### Goal of the exercise
What you return must be the lines from the first one below through the one containing "That afternoon we", exactly and with pictures excluded.

Extracted entries section start

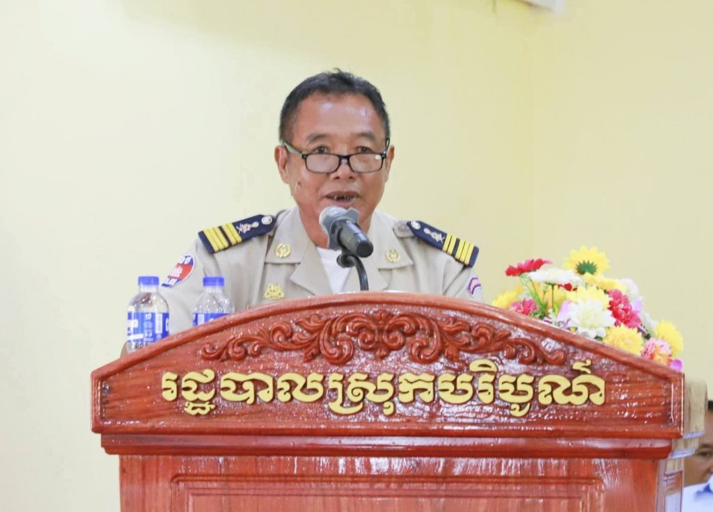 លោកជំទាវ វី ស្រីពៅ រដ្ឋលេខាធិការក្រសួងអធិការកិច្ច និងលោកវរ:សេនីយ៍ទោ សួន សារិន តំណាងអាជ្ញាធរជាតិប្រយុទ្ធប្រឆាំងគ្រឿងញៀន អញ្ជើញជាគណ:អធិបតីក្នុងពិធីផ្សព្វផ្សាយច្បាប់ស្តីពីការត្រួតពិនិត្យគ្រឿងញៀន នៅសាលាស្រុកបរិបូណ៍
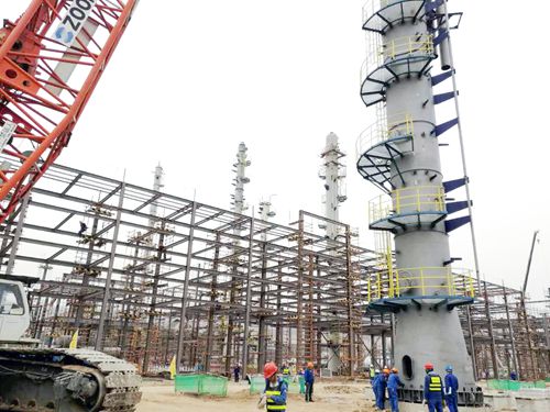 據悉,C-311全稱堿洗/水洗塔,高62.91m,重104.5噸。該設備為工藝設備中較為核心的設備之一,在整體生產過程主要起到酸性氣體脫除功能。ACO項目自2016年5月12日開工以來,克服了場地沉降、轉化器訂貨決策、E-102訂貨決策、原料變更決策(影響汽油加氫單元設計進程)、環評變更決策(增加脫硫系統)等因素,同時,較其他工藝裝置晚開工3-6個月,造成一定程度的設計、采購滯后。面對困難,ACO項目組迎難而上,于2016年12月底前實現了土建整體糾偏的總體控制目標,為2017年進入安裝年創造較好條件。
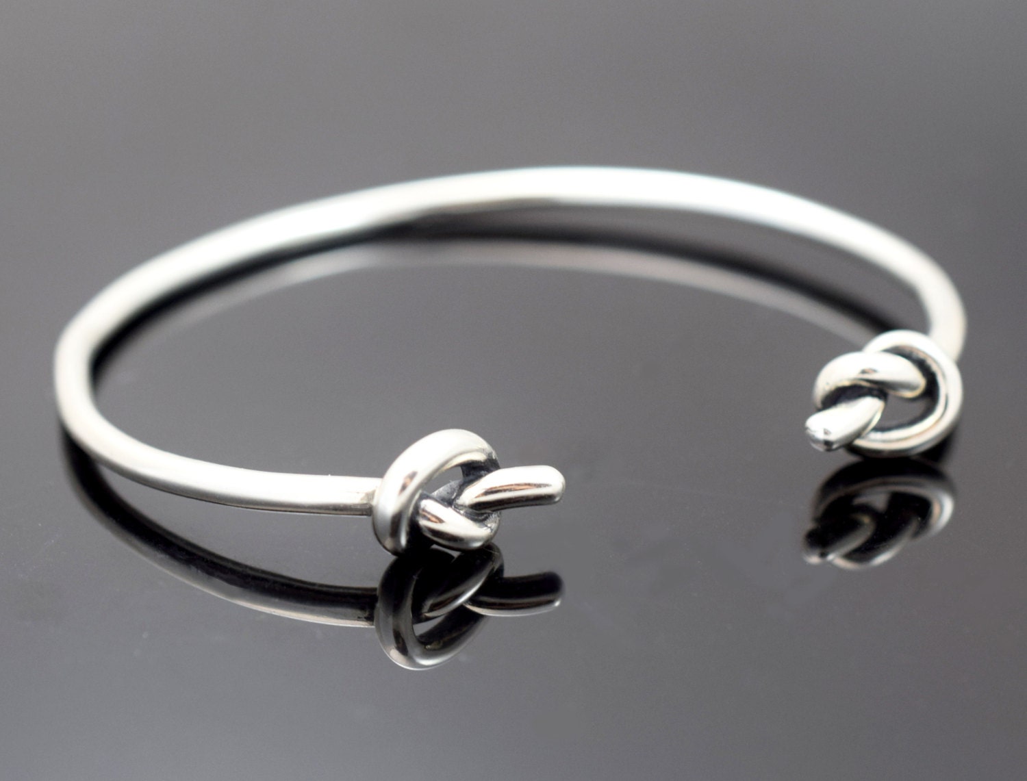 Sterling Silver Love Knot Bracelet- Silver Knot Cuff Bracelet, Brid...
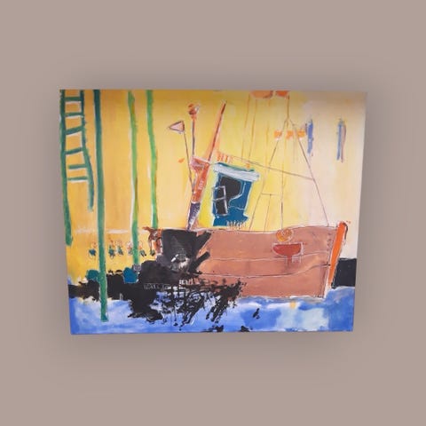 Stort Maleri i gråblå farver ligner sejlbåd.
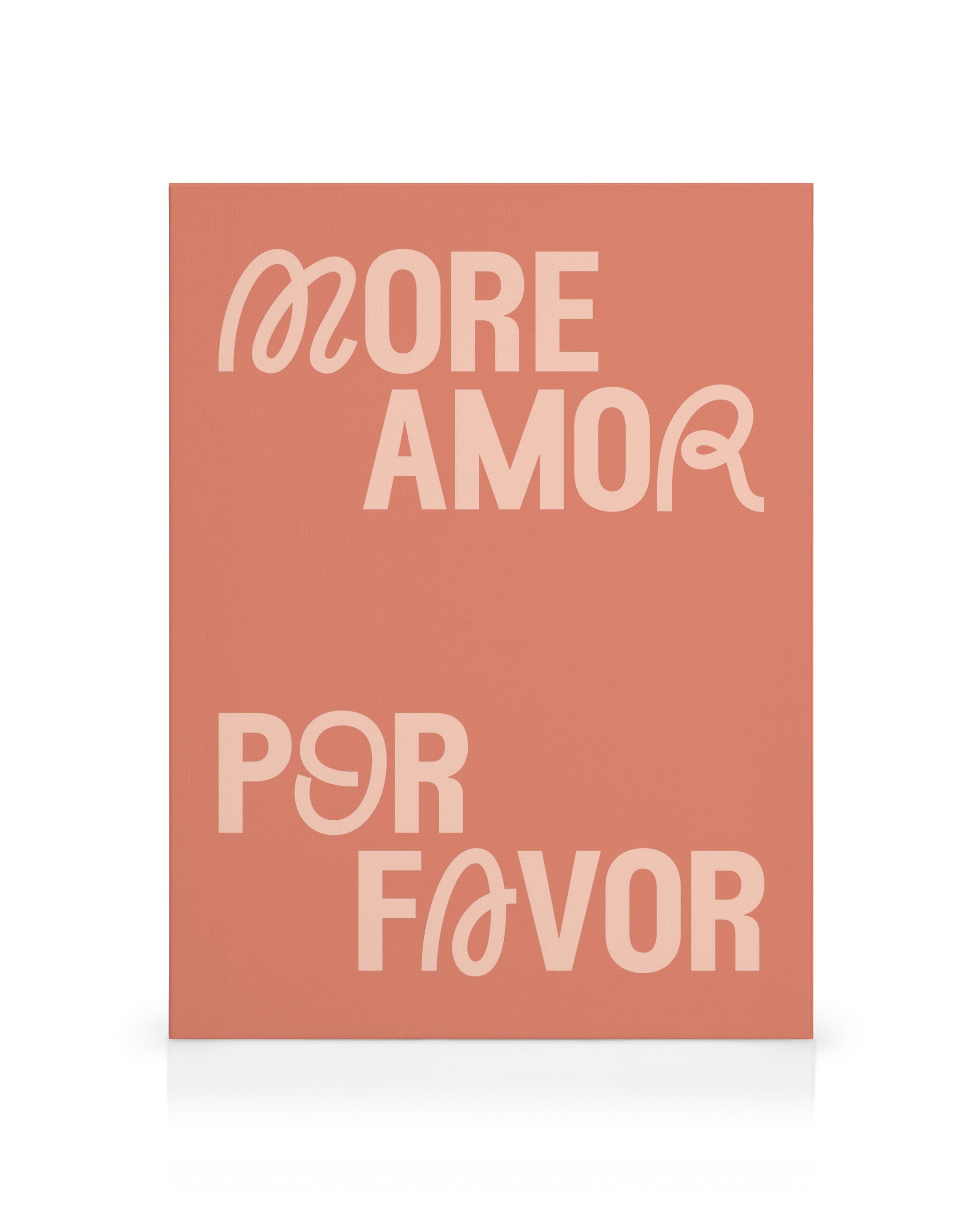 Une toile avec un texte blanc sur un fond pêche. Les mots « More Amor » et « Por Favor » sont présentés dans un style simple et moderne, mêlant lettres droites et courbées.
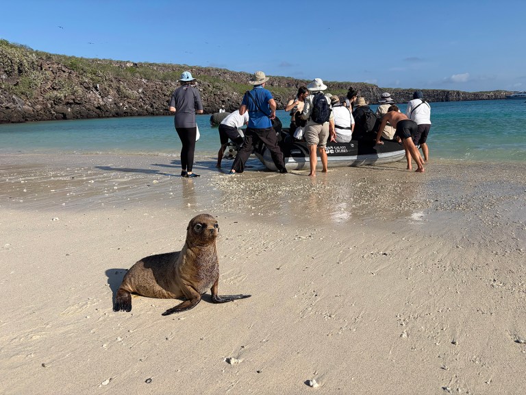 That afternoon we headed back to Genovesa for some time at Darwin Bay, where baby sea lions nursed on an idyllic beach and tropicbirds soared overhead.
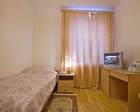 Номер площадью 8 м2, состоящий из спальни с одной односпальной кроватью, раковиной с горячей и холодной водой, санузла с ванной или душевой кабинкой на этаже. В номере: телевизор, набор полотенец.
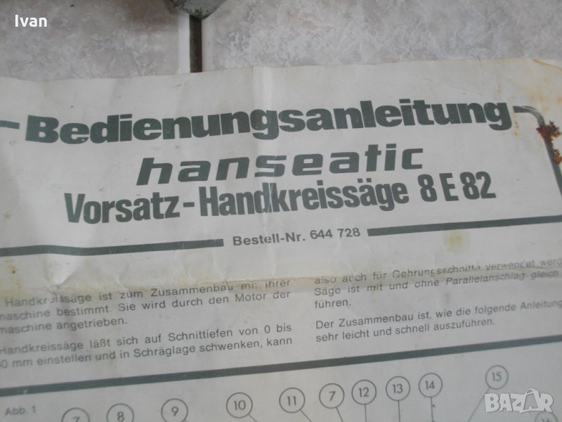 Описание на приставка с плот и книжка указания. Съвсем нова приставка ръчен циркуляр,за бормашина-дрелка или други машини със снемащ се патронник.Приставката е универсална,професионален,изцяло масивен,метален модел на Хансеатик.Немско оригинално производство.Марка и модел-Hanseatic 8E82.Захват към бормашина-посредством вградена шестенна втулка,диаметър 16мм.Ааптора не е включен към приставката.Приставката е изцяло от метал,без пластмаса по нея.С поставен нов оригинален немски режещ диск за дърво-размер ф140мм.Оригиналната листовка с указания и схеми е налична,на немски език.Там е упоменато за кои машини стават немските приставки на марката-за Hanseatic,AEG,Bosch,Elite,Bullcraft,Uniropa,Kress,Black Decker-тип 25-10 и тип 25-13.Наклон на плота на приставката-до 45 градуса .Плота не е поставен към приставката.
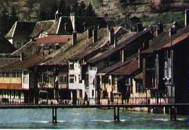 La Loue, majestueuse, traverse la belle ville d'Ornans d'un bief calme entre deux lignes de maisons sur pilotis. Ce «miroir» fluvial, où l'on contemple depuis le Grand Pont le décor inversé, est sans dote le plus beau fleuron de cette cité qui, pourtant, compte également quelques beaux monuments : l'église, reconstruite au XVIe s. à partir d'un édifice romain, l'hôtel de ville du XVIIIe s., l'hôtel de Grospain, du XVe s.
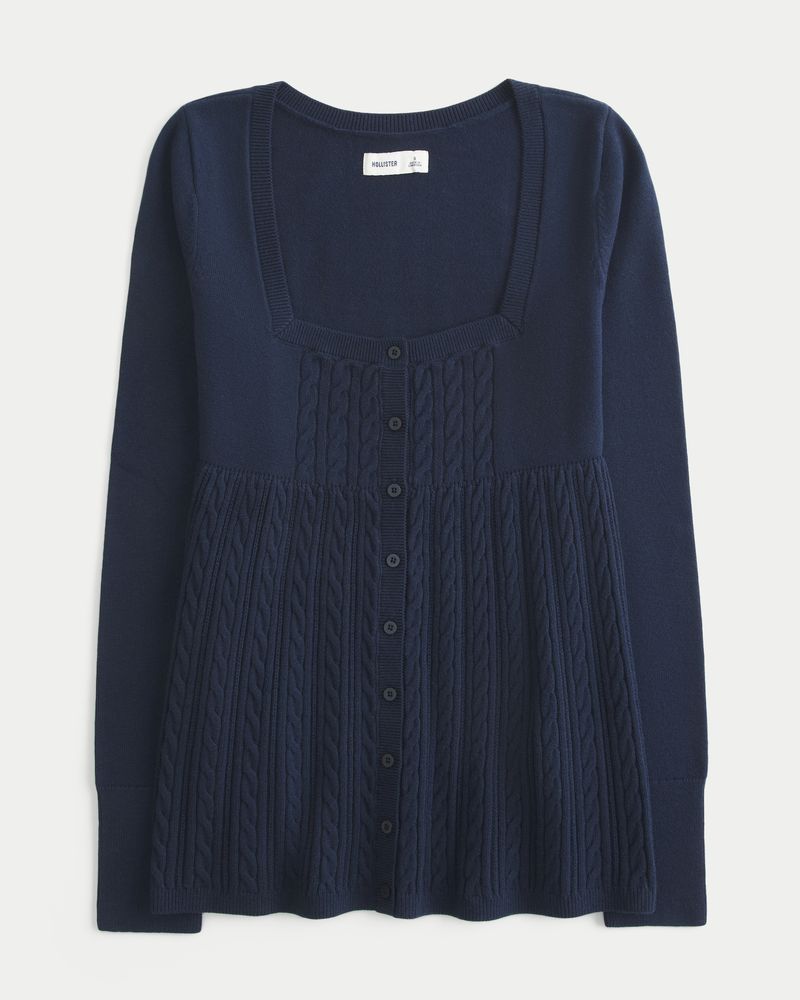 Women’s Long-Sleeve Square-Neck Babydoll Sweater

Extracted entries section end

### The answer
 លោកជំទាវ វី ស្រីពៅ រដ្ឋលេខាធិការក្រសួងអធិការកិច្ច និងលោកវរ:សេនីយ៍ទោ សួន សារិន តំណាងអាជ្ញាធរជាតិប្រយុទ្ធប្រឆាំងគ្រឿងញៀន អញ្ជើញជាគណ:អធិបតីក្នុងពិធីផ្សព្វផ្សាយច្បាប់ស្តីពីការត្រួតពិនិត្យគ្រឿងញៀន នៅសាលាស្រុកបរិបូណ៍
 據悉,C-311全稱堿洗/水洗塔,高62.91m,重104.5噸。該設備為工藝設備中較為核心的設備之一,在整體生產過程主要起到酸性氣體脫除功能。ACO項目自2016年5月12日開工以來,克服了場地沉降、轉化器訂貨決策、E-102訂貨決策、原料變更決策(影響汽油加氫單元設計進程)、環評變更決策(增加脫硫系統)等因素,同時,較其他工藝裝置晚開工3-6個月,造成一定程度的設計、采購滯后。面對困難,ACO項目組迎難而上,于2016年12月底前實現了土建整體糾偏的總體控制目標,為2017年進入安裝年創造較好條件。
 Sterling Silver Love Knot Bracelet- Silver Knot Cuff Bracelet, Brid...
 Stort Maleri i gråblå farver ligner sejlbåd.
 Une toile avec un texte blanc sur un fond pêche. Les mots « More Amor » et « Por Favor » sont présentés dans un style simple et moderne, mêlant lettres droites et courbées.
 That afternoon we headed back to Genovesa for some time at Darwin Bay, where baby sea lions nursed on an idyllic beach and tropicbirds soared overhead.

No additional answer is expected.